As Canada embarks on a path of economic recovery, the arts sector is poised to play a key role in the revitalization of Canadian communities as an efficient engine of job creation across a number of sectors including industry, hospitality and transportation,  that benefit from increased cultural activity. There is a growing consensus among leaders in all economic sectors that arts investment is a cost effective catalyst for high economic returns and we hope to see the Government lever this tremendous opportunity through new and increased investment in the arts going forward. The Conference Board of Canada has noted that cities rich in cultural resources are hotbeds of creativity, economic wealth generators, and magnets for talent across all sectors of the economy.

As part of the creative, knowledge economy, the cultural sector is growing at a rapid rate.  Cultural workers, including artists exceed 600,000. “One in every 30 people in Canada has a cultural occupation. That’s twice as many people as work in the forestry sector and more than twice as many as work in Canadian banks,” said Eric Dubeau, co-chair of the Canadian Arts Coalition. “We need to be part of the plan going forward.”

The Canadian Arts Coalition is Canada’s largest ever group of artists, business leaders and volunteers assembled from across the country. We are united in the knowledge that greater public investment in the arts is essential to Canada’s future. We believe that the high quality of life, for which Canada is known, depends on a rich, vibrant and diverse arts and heritage community.

British Columbia Budget 2010

(We provide this excerpted report courtesy of the Greater Vancouver Alliance for Arts and Culture)

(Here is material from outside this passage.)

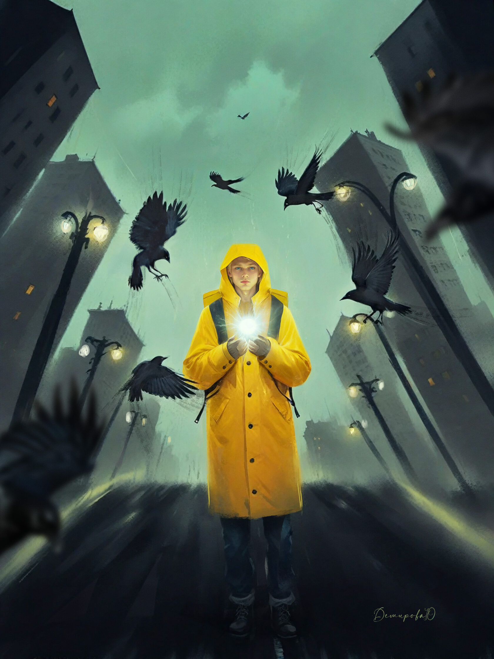 Работа Юлии Демировой прочитывается как знак внутреннего света, возникающего из самой глубины человека. Исходящее из груди сияние противостоит тревоге и неопределённости, воплощённым в образах тёмных воронов. Этот свет указывает на способность сохранять надежду и опору даже в периоды мрака и тяжести.

Emerging from [Tuesday’s] budget lockup at the BC Legislature, Alliance for Arts and Culture Executive Director Amir Ali Alibhai, Victoria Symphony Executive Director Mitchell Krieger, and ProArt Alliance of Greater Victoria Coordinator Scott Walker expressed disappointment at the budget’s half-hearted support for the arts in British Columbia.

“Premier Gordon Campbell and Finance Minister Colin Hansen seem to have largely disregarded the recommendations of their own Standing Committee on Finance and Government Services and continue to ignore the importance of the creative sector ” said Mr. Alibhai.

“The Cultural Olympiad was a significant achievement for Canadian artists” Mr. Krieger added. “With this budget, however, it appears that what we have recently experienced was only a moment in time, as support for the arts continues to fall to record levels.”

At first glance, the 2010/11 Budget for arts and culture does appear to fully restore funding to 2008/09 levels, as recommended by the Standing Committee.

On further exploration, however, the arts community spokesmen noted that funding for the Royal BC Museum ($12.1M) is included in the figures presented this year; previously it has not been included. There is also a “mystery” $10M allocation, which is currently not fully defined nor allocated to any existing funding organization, such as the BC Arts Council.

“We would welcome the opportunity to work with the government to make the most effective use of this investment,” said Mr. Krieger.

The following table attempts to compare “apples to apples” and gives a summary of our interpretation of the 2010 Budget. Gaming funds for arts and cultural allocations as well as funding for BC Arts Council grants are significantly lower than in 2008/09.

“Why not just restore BC Arts Council to the $19M level of 2008/09″ asked Mr. Alibhai. “Where has the $7M cut from Gaming funds to the Arts and Culture gone?”

“Artists, arts organizations, community partners, corporate sponsors and our audiences throughout will respond to this budget in a forceful manner” predicted Mr. Alibhai.

“We’ve shown the world what BC artists can do,” concluded Mr. Walker. “What we were hoping for was that the government would learn from the past two weeks and continue to invest in the Arts. When all those visitors return – as the government tells us they will – what they’ll find with this budget is a lot of closed doors and cancelled arts programs.”